BEGIN

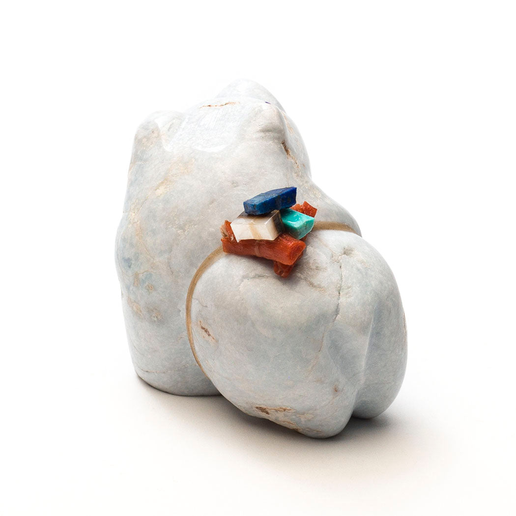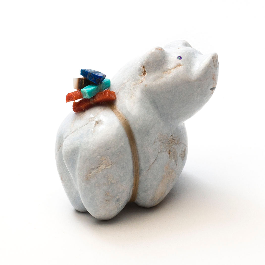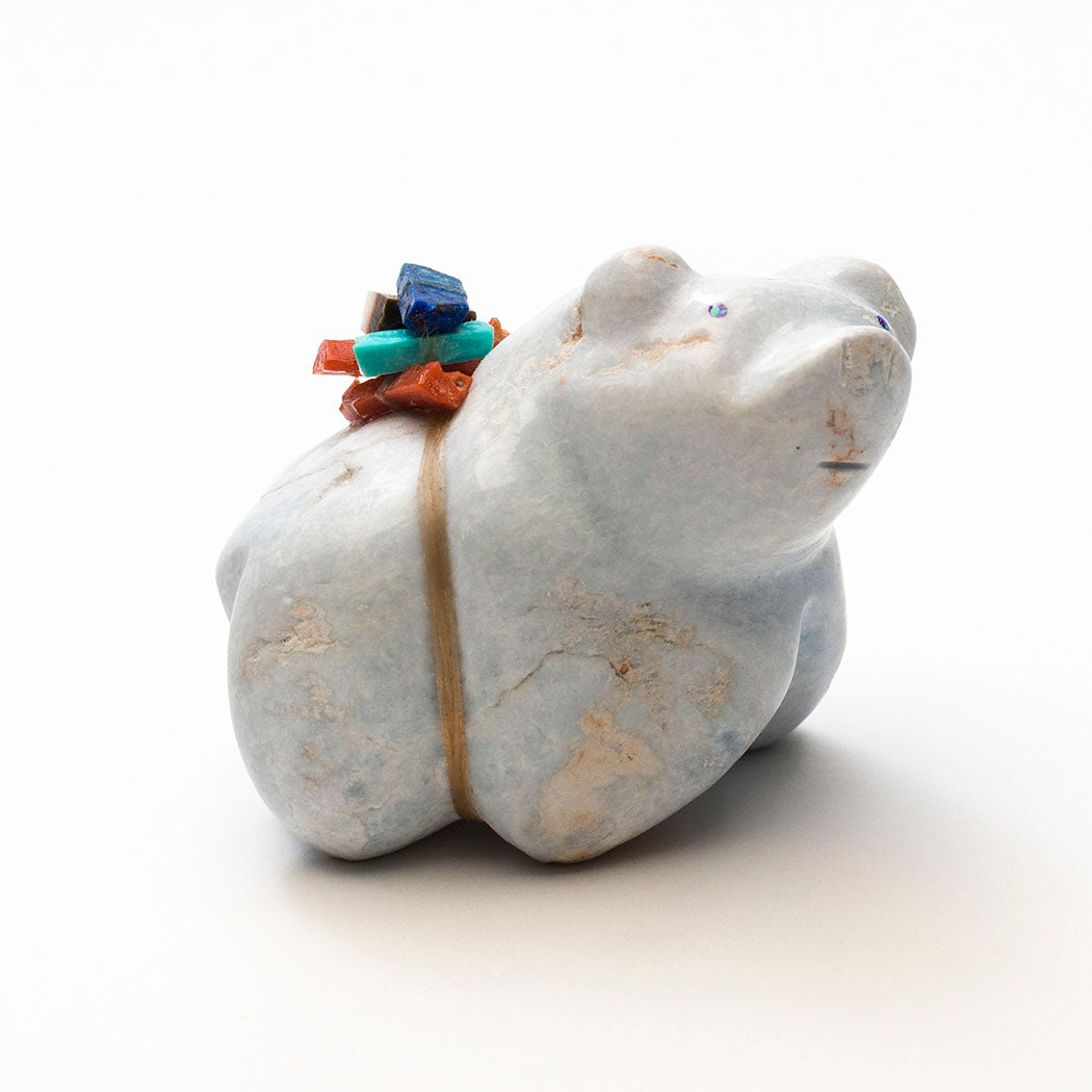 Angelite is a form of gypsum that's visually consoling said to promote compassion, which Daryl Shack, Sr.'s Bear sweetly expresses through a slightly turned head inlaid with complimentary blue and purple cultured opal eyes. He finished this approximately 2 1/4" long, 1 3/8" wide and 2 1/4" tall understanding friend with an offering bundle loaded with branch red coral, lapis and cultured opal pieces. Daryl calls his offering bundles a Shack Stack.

END
BEGIN

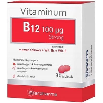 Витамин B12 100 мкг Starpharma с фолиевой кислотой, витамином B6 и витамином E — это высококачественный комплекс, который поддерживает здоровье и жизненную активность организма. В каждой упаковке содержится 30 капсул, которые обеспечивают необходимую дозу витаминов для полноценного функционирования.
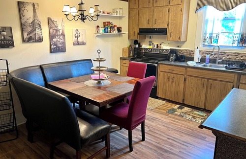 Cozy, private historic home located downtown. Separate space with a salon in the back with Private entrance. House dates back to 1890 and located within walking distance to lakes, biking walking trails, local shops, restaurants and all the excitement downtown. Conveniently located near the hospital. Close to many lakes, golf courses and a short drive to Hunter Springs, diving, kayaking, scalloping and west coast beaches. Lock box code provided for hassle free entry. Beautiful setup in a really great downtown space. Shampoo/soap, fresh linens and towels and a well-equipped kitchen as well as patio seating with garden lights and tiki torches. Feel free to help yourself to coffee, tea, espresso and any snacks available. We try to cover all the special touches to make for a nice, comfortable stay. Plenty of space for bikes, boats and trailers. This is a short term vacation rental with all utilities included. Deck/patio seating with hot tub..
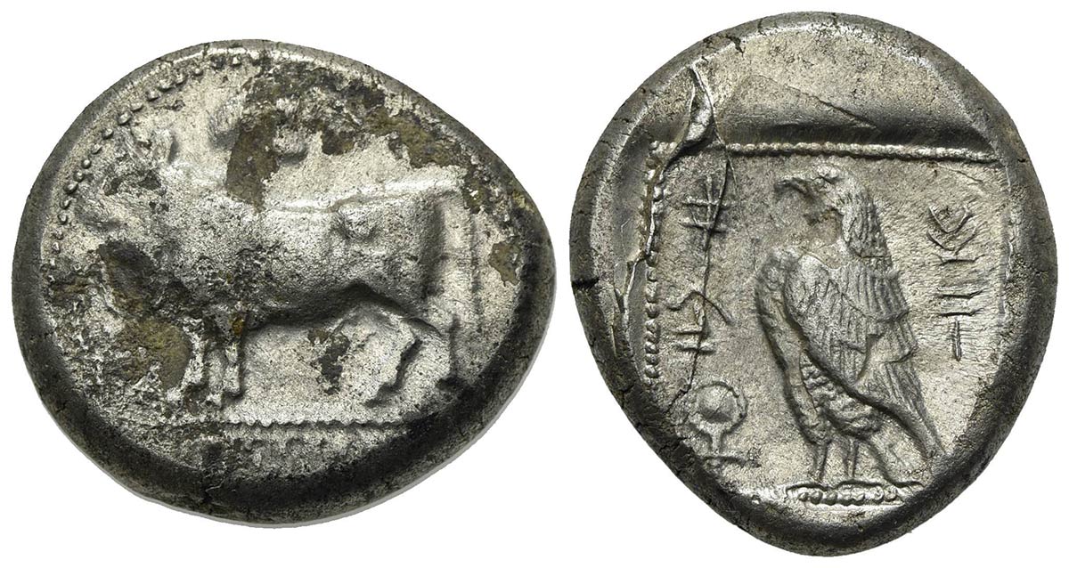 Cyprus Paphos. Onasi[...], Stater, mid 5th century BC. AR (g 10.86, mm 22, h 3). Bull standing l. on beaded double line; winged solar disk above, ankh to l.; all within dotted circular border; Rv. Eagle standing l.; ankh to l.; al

END

◆ DIRECTIONS FOR THIS TASK ◆
Print exactly the lines above that run from the one with "Cozy, private historic" down to the one with "Cyprus Paphos. Onasi[...], Stater, mid", and omit the pictures.

◆ REPLY TO THE TASK ◆
 Cozy, private historic home located downtown. Separate space with a salon in the back with Private entrance. House dates back to 1890 and located within walking distance to lakes, biking walking trails, local shops, restaurants and all the excitement downtown. Conveniently located near the hospital. Close to many lakes, golf courses and a short drive to Hunter Springs, diving, kayaking, scalloping and west coast beaches. Lock box code provided for hassle free entry. Beautiful setup in a really great downtown space. Shampoo/soap, fresh linens and towels and a well-equipped kitchen as well as patio seating with garden lights and tiki torches. Feel free to help yourself to coffee, tea, espresso and any snacks available. We try to cover all the special touches to make for a nice, comfortable stay. Plenty of space for bikes, boats and trailers. This is a short term vacation rental with all utilities included. Deck/patio seating with hot tub..
 Cyprus Paphos. Onasi[...], Stater, mid 5th century BC. AR (g 10.86, mm 22, h 3). Bull standing l. on beaded double line; winged solar disk above, ankh to l.; all within dotted circular border; Rv. Eagle standing l.; ankh to l.; al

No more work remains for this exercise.